# Internal/External bottom bracket compatibility?



## YZINGERR (Aug 19, 2007)

I am doing a build up with a Nashbar mountain frame.
My old crank and bb is a truvativ iso flow 3x crankset and a VP internal sealed square taper cartridge bb.
The Nashbar frame is able to accept external thread in cups, but I assume that makes my old crankset unuseable for this build?
I'm trying to reuse as much as possible because i'm broke.
Help!


----------



## Squash (Jul 20, 2003)

You are correct. An external BB is not compatible with your old crank set. A external bearing BB has no spindle. They are simply bearing cups that hold sealed bearings with a 24mm I.D. inner race. The spindle is actually permanently attached to one of the crank arms. The spindle is inserted through the BB and then the non-permanent crank arm is bolted in place.
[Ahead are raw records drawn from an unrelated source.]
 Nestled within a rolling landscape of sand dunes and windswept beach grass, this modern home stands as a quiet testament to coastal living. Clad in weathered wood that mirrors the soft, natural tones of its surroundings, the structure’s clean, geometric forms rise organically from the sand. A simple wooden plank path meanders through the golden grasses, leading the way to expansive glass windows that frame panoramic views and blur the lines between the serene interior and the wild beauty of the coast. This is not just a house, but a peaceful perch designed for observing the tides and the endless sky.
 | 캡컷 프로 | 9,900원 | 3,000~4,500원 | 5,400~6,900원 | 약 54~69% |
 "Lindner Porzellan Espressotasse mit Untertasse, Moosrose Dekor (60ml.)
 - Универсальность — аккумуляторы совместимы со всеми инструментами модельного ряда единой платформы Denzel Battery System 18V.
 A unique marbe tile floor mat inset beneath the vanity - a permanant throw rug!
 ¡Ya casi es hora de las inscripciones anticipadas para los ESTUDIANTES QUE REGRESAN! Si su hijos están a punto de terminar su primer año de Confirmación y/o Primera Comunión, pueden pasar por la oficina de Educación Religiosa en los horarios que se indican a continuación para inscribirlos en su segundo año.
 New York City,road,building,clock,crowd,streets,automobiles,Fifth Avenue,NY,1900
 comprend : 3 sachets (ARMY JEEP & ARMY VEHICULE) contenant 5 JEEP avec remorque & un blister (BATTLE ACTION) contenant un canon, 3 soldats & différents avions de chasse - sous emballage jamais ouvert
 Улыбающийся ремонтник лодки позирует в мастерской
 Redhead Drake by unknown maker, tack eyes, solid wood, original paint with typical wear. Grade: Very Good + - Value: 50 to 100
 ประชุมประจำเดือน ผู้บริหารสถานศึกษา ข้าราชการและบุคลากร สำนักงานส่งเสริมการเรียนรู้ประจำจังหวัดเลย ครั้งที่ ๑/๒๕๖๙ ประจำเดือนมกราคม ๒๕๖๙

There's a little more to it than that of course. But that's the general idea. So, yeah, if you wanted to go with an external bearing BB you'd need a compatible crank set to use with it.

Good Dirt


----------



## thomllama (Oct 3, 2007)

what Squish said.. :thumbsup:


----------



## mack_turtle (Jan 6, 2009)

i may have missed something, but you can use your old BB and your old crank with this frame. unless the frame is made for press-fit bottom brackets, the threads for external (Shimano Hollowtech, SRAM GXP, FSA MegaExo, etc) and internal square-taper and Octalink and Isis BBs are the same. the only difference is that external BBs leave the bearings outside the frame and use a crank made specifically with that BB and more traditional BBs fit the bearings inside the frame. if you have have to replace the BB on a ST crank, be sure to get the correct length to go with that crankset.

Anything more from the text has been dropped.